Nothing but the lines from the one showing "아쉬움을 뒤로하고 엘" through the final line of the data below belongs in the answer, duplicated exactly and without pictures.

### Dataset content
<<<<
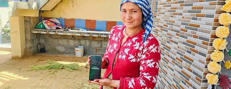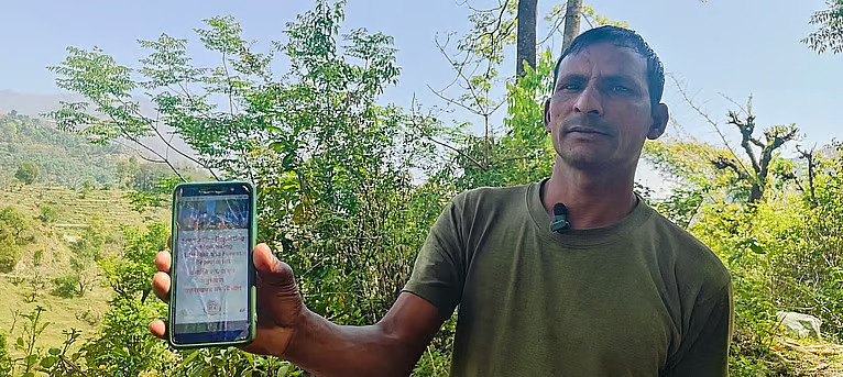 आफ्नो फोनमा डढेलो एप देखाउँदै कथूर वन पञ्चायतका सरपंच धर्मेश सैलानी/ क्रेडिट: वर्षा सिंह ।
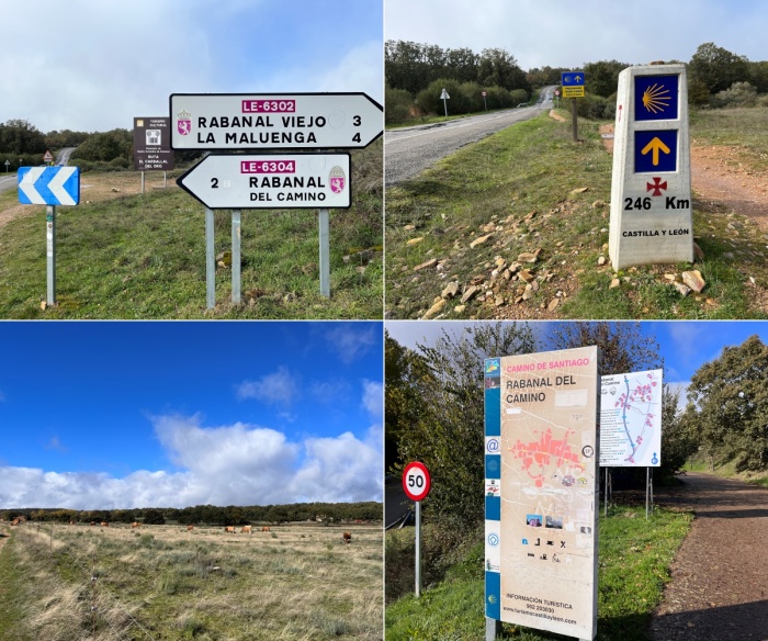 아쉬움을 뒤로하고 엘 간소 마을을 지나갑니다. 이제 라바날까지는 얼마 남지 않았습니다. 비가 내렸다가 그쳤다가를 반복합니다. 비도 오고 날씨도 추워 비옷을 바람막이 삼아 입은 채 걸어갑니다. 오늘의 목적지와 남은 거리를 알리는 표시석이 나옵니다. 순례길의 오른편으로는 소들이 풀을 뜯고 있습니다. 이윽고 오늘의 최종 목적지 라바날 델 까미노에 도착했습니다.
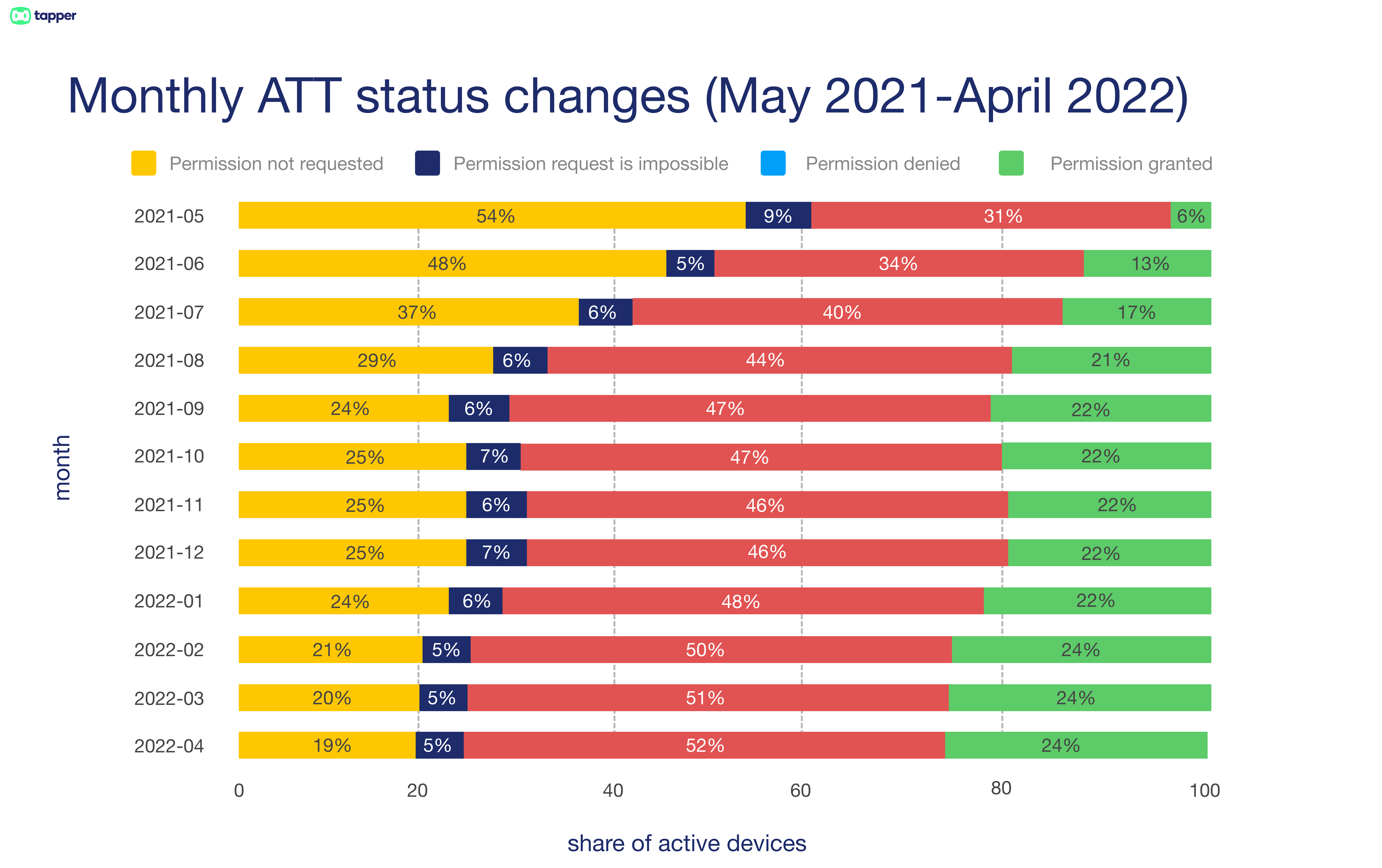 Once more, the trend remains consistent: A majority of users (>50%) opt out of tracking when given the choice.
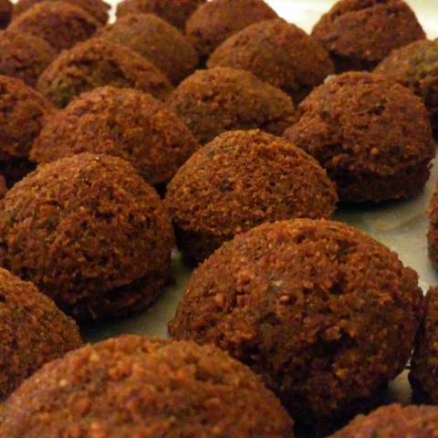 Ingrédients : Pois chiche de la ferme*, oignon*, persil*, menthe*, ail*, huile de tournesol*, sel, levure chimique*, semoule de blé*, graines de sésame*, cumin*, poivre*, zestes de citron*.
>>>>
### Result
 아쉬움을 뒤로하고 엘 간소 마을을 지나갑니다. 이제 라바날까지는 얼마 남지 않았습니다. 비가 내렸다가 그쳤다가를 반복합니다. 비도 오고 날씨도 추워 비옷을 바람막이 삼아 입은 채 걸어갑니다. 오늘의 목적지와 남은 거리를 알리는 표시석이 나옵니다. 순례길의 오른편으로는 소들이 풀을 뜯고 있습니다. 이윽고 오늘의 최종 목적지 라바날 델 까미노에 도착했습니다.
 Once more, the trend remains consistent: A majority of users (>50%) opt out of tracking when given the choice.
 Ingrédients : Pois chiche de la ferme*, oignon*, persil*, menthe*, ail*, huile de tournesol*, sel, levure chimique*, semoule de blé*, graines de sésame*, cumin*, poivre*, zestes de citron*.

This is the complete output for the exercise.